In this experiment, we test the performance that can be achieved using all measures and selecting the most significant ones by means of a hypothesis test. We have used two different strategies to assess significance: the Student’s t-test and the Kullback-Leibler (KL) divergence. Table 1 displays the values obtained for the different strategies, compared to the performance of using all measures computed at the right Hippocampus.

Table 1. Results of our system using all measures with selection, compared to performance in some regions and the Voxels As Features (VAF) approach [23].

We can se that the selection improves the system’s ability to detect changes related to AD, when compared to using the measures computed at each region, or even using the best measure at the best scoring region.
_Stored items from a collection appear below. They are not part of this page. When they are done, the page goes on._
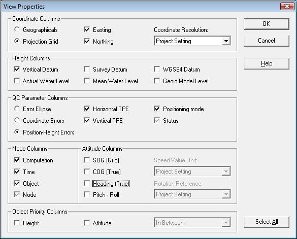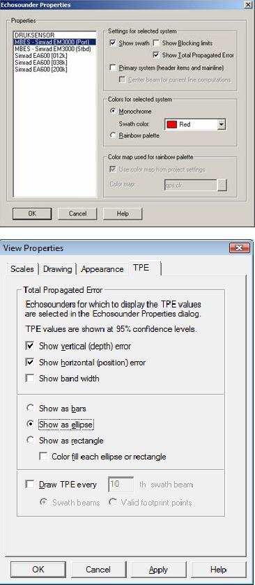 The TPU values for the echosounder transducer (and for all other nodes) can be displayed in a Node QC display by selecting the ‘Horizontal TPU’ and ‘Vertical TPU options’ under the ‘Position-Height Uncertainties ’ in the ‘View Properties’.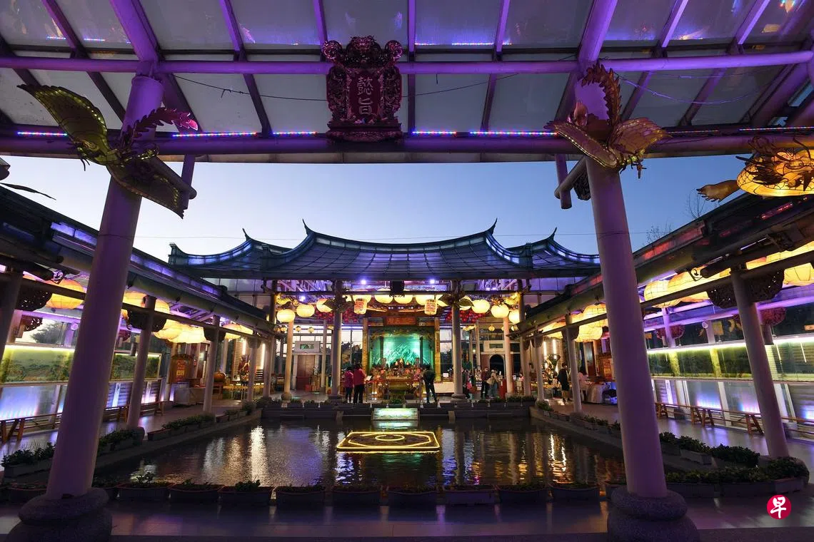 在彰化鹿港镇的靠海处,有一座全世界独一无二的玻璃妈祖庙——彰化护圣宫,由钢骨结构和玻璃外牆、屋顶构成,设有各种LED灯,结合电子科技与文化创意特质,展现高科技艺术。护圣宫日间光线明亮通透,夕照时分有种朦胧美感,夜晚点亮灯光之后映照在水面上,景象更是如梦似幻。这座妈祖庙看似摩登前卫,实际上外形是仿造同县市中知名的清朝古蹟鹿港天后宫,现代感中仍有古意。护圣宫在2007年动土兴建,2012年举办入火安座,虽然历史还不长,但结合了台湾玻璃产业的深厚技术和重要的沿海妈祖信仰,庙中处处融入了台湾独有的人文和自然风景,蕴含着相当丰富的意义。(香港中通社)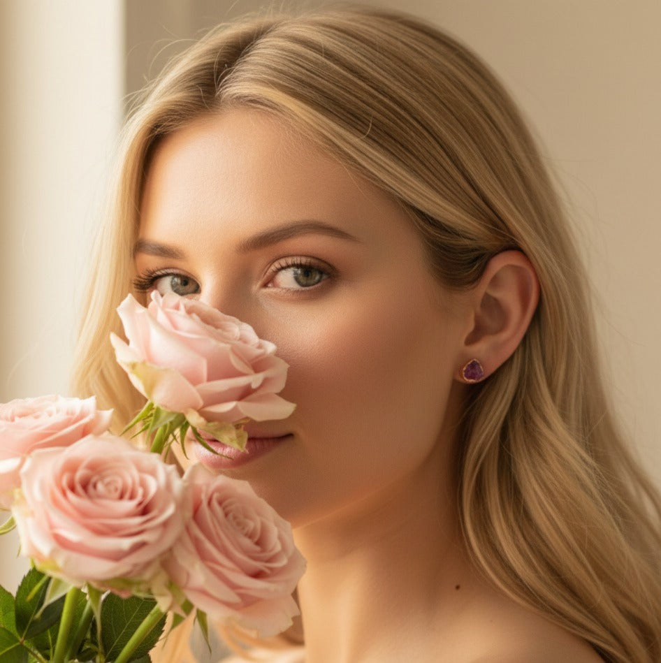 Natural pink tourmaline copper studs with stainless steel posts and butterflies.

When compared to a commonly used voxel-wise baseline, Voxels As Features (VAF) [23], we can see that it clearly outperforms the typical approach where segmented GM and WM maps are used. When using the whole segmented T1-weighted image, the difference is smaller, although both the system using feature selection and the one using only one texture measure at the hippocampus still achieve better performance, but this time, providing a significant feature reduction of two magnitude orders (from more than half a million voxels to thousands of measures).
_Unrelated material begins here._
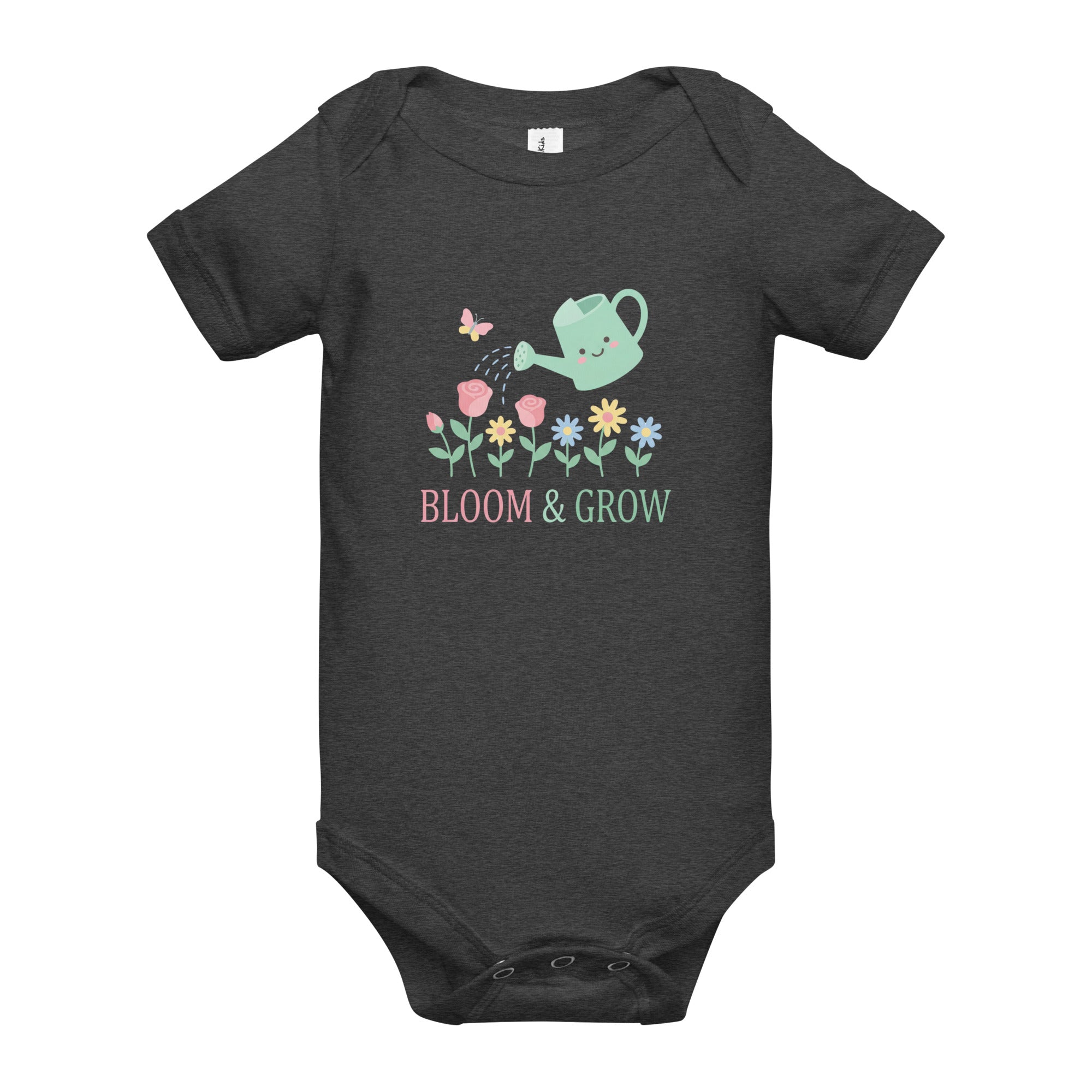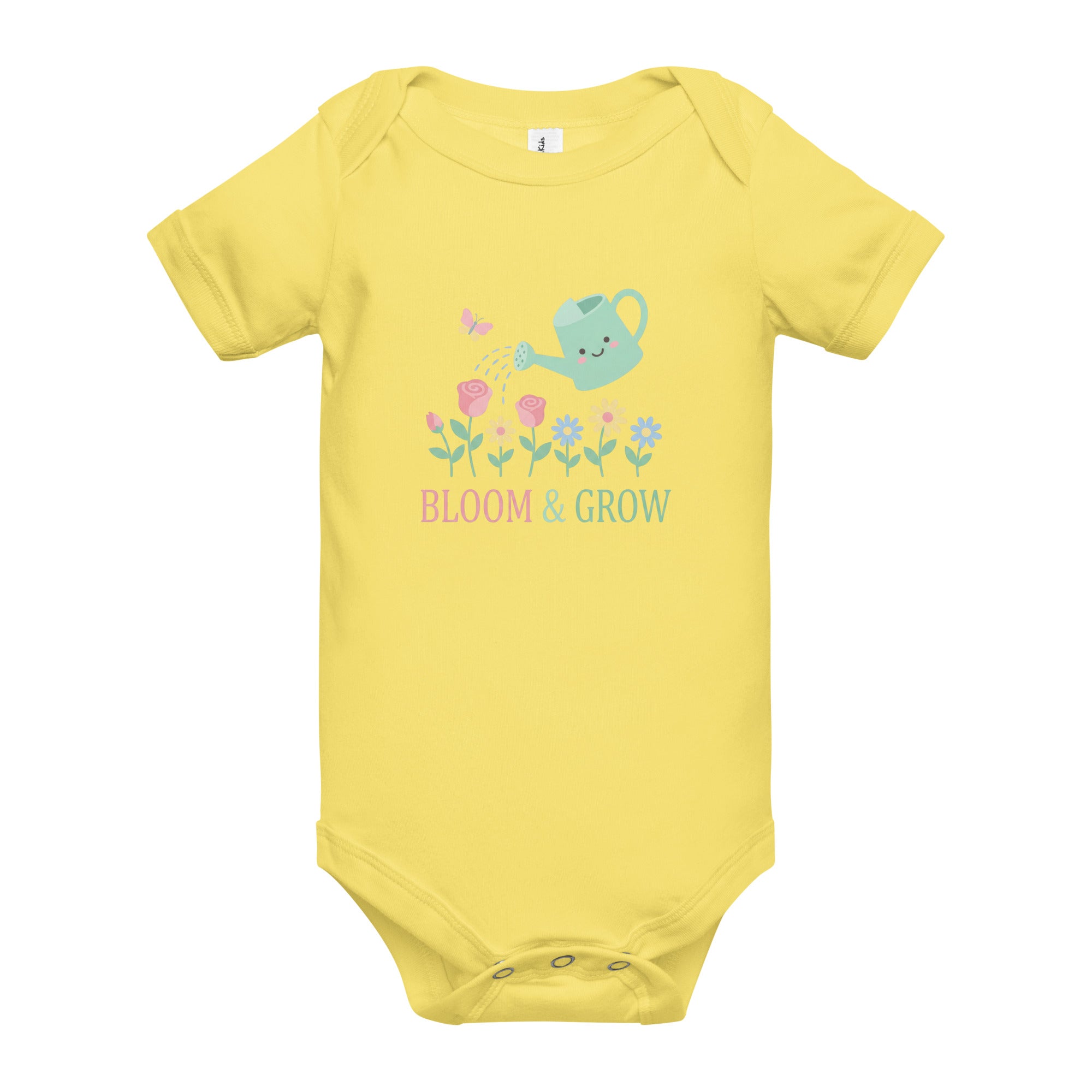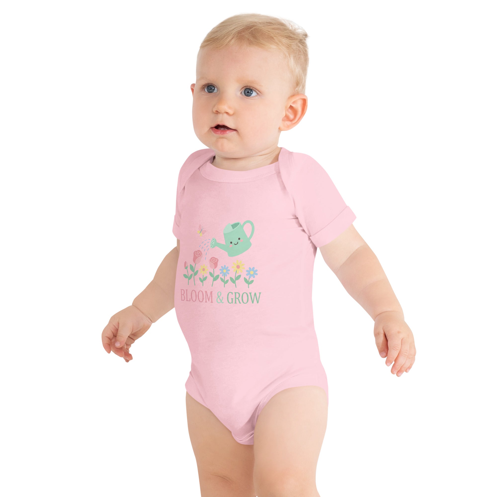Celebrate the joy of nature with our adorable 'Bloom & Grow Garden' baby short sleeve one piece. This charming design features a friendly green watering can tending to sweet pink roses and a delightful row of yellow and blue flowers, accompanied by a little pink butterfly, all above the inspiring text 'BLOOM & GROW' in soft pastel pink and green. Crafted for comfort and everyday wear, this piece is perfect for little ones discovering the world around them, making it an ideal, comfortable Baby Short Sleeve One Piece for any occasion.

These results highlights the prospective of using texture measures to characterize per-region structural changes due to neurodegeneration in MRI images. This is a preliminary analysis of the utility of these texture measures, using the more traditional Haralick texture analysis. Other more advanced techniques have been developed in the late 90s and the 2000s, for example the Local Binary Patterns (LBP) [19], the watershed transform [12] or the orientation pyramid (OP) [21]. These algorithms have previously shown to outperform the Haralick texture features, and are valid candidates to improve AD diagnosis and its possible application to model the progression of AD, which is the real challenge.
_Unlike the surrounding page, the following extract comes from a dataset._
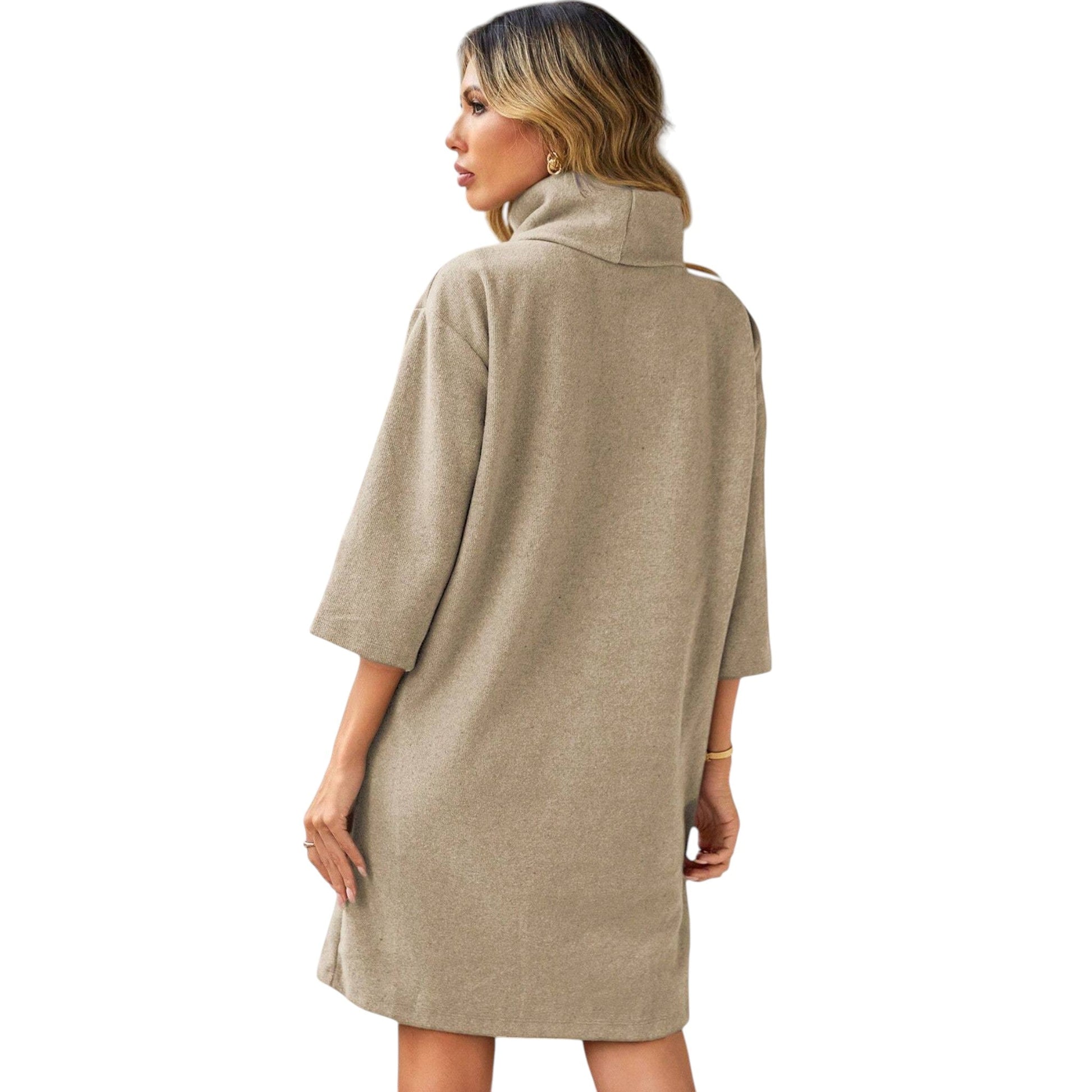 Címke nélküli, bézs, garbó nyakú, háromnegyedes ujjú, kötött mini ruha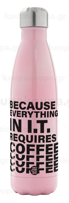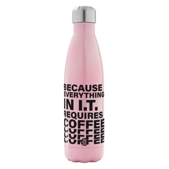 Because everything in I.T. requires coffee, Metal mug thermos Pink Iridiscent (Stainless steel), double wall, 500ml

4 Conclusions and Future Work

In this work, we have proposed a texture analysis framework for characterizing the structural changes in Alzheimer’s Disease (AD). The preliminary results that we show prove that the texture measures are an excellent descriptor of structural changes in different regions of the brain. The most discriminant regions are located in and surrounding the Hippocampus, and the discrimination accuracy obtained at these regions is close to 80%. On the other hand, we have demonstrated that pooling all the texture measures and selecting the most significant achieves higher performance than any other region by itself, which proves that there exist other regions which could play a significant role in neurodegeneration and can be characterized by texture measures. The system using texture measures provides a significant feature reduction and obtains similar and even higher performance that the common baseline Voxels As Features (VAF). In future works, we will extend this texture analysis with other texture features and apply those to Mild Cognitive Impairment (MCI) affected patients, and see whether these measures can be applied to the prediction of MCI conversion to AD and its progression.